Generating lockfiles fails with: unknown error (_ssl.c:3161)
Closed this issue ยท 19 comments
Describe the bug
When trying to generate lockfiles command fails with the following error: Failed to spawn a job for /home/manos/Workspace/pants-repo/.conda/bin/python3.9: unknown error (_ssl.c:3161)
pants --print-stacktrace -ldebug generate-lockfiles ::
18:15:17.57 [INFO] Initialization options changed: reinitializing scheduler...
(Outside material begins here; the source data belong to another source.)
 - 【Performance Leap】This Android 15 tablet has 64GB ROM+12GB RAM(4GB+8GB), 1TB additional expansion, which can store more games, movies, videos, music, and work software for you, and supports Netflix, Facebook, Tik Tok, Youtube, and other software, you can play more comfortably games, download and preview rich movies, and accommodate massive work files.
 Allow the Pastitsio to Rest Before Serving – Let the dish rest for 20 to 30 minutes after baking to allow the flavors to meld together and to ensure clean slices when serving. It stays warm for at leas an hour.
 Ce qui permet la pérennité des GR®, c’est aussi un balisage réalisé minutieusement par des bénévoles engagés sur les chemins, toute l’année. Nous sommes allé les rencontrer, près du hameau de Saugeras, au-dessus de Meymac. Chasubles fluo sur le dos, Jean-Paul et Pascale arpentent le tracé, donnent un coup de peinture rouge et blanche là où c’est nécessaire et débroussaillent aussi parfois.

18:15:22.39 [INFO] Scheduler initialized.
18:15:23.84 [INFO] Completed: Generate lockfile for python-default
18:15:23.84 [ERROR] 1 Exception encountered:
Engine traceback:
in select
..
in pants.core.goals.generate_lockfiles.generate_lockfiles_goal
`generate-lockfiles` goal
Traceback (most recent call last):
File "/home/manos/.cache/nce/3d6643e46b53e4cc0b2a0d5c768866226ddce3de1f57f80c4a02d8d39800fa8e/bindings/venvs/2.18.0/lib/python3.9/site-packages/pants/engine/internals/selectors.py", line 626, in native_engine_generator_send
res = rule.send(arg) if err is None else rule.throw(throw or err)
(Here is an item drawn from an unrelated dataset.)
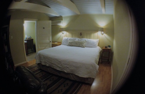 Your Casa Hermosa King Suite provides efficient luxury for the single traveler and a cozy, romantic nest for a couple. You’ll enjoy a comfy king-size bed beneath a cathedral ceiling, a full bath, a kitchenette, private parking, and a view of Sleeping Lion Mountain from your easy chair! Just out the door, take advantage of your own flagstone-walled patio. You’ll find a flat-screen cable TV, DVD, and free wireless. And we’re pet friendly, so bring the pooch.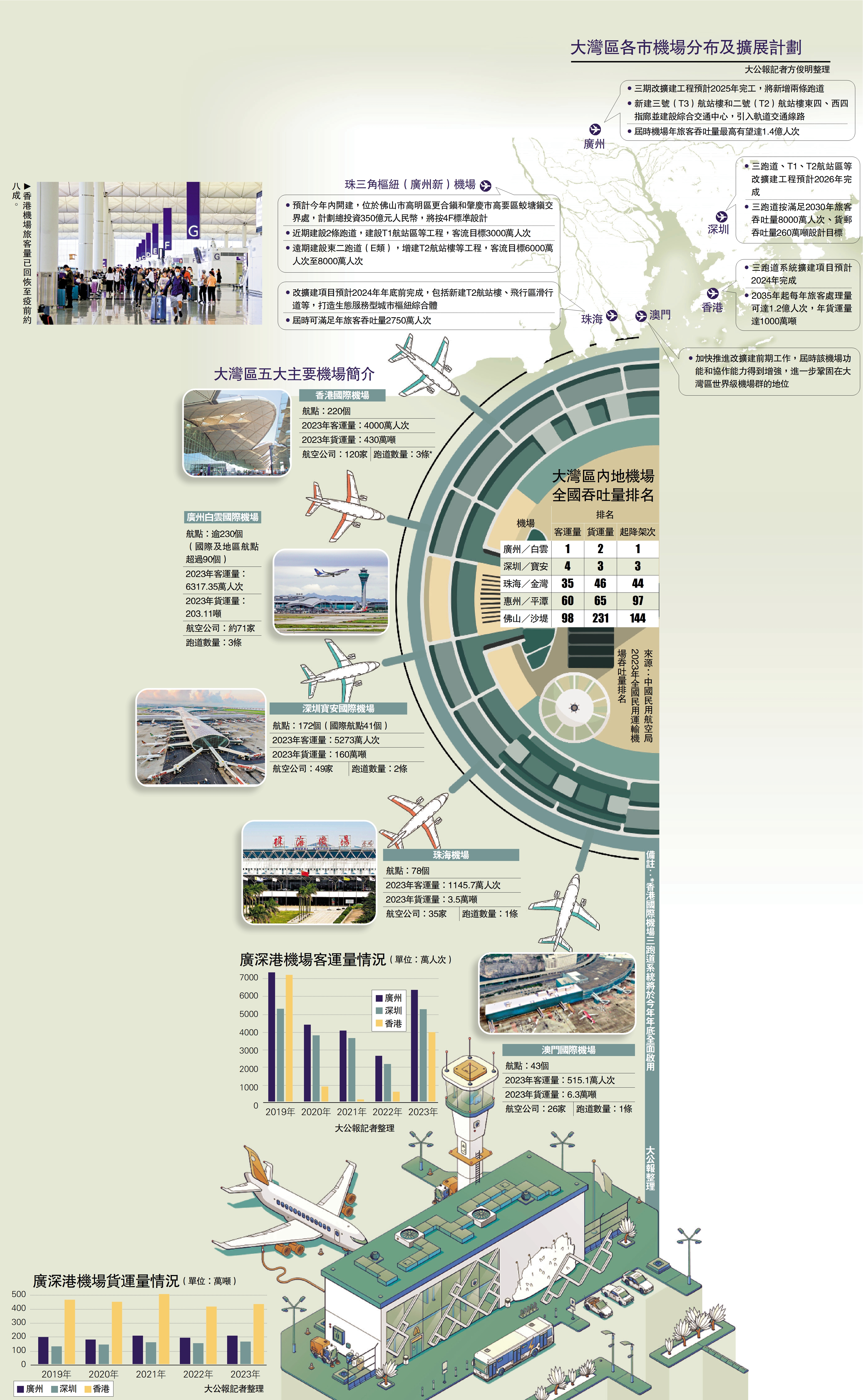 為迎接未來的大量需求,大灣區內各大機場均在擴容建設。其中,香港國際機場三跑道系統目標今年年底啟用,於2035年起每年處理客貨運量分別達1.2億人次和1000萬公噸。另隨着海天中轉大樓去年開幕,加上正建設的SKYCITY航天城,香港國際機場的機場城市藍圖逐漸成形。

File "/home/manos/.cache/nce/3d6643e46b53e4cc0b2a0d5c768866226ddce3de1f57f80c4a02d8d39800fa8e/bindings/venvs/2.18.0/lib/python3.9/site-packages/pants/core/goals/generate_lockfiles.py", line 557, in generate_lockfiles_goal
results = await MultiGet(
File "/home/manos/.cache/nce/3d6643e46b53e4cc0b2a0d5c768866226ddce3de1f57f80c4a02d8d39800fa8e/bindings/venvs/2.18.0/lib/python3.9/site-packages/pants/engine/internals/selectors.py", line 361, in MultiGet
return await _MultiGet(tuple(__arg0))
File "/home/manos/.cache/nce/3d6643e46b53e4cc0b2a0d5c768866226ddce3de1f57f80c4a02d8d39800fa8e/bindings/venvs/2.18.0/lib/python3.9/site-packages/pants/engine/internals/selectors.py", line 168, in __await__
result = yield self.gets
File "/home/manos/.cache/nce/3d6643e46b53e4cc0b2a0d5c768866226ddce3de1f57f80c4a02d8d39800fa8e/bindings/venvs/2.18.0/lib/python3.9/site-packages/pants/engine/internals/selectors.py", line 626, in native_engine_generator_send
res = rule.send(arg) if err is None else rule.throw(throw or err)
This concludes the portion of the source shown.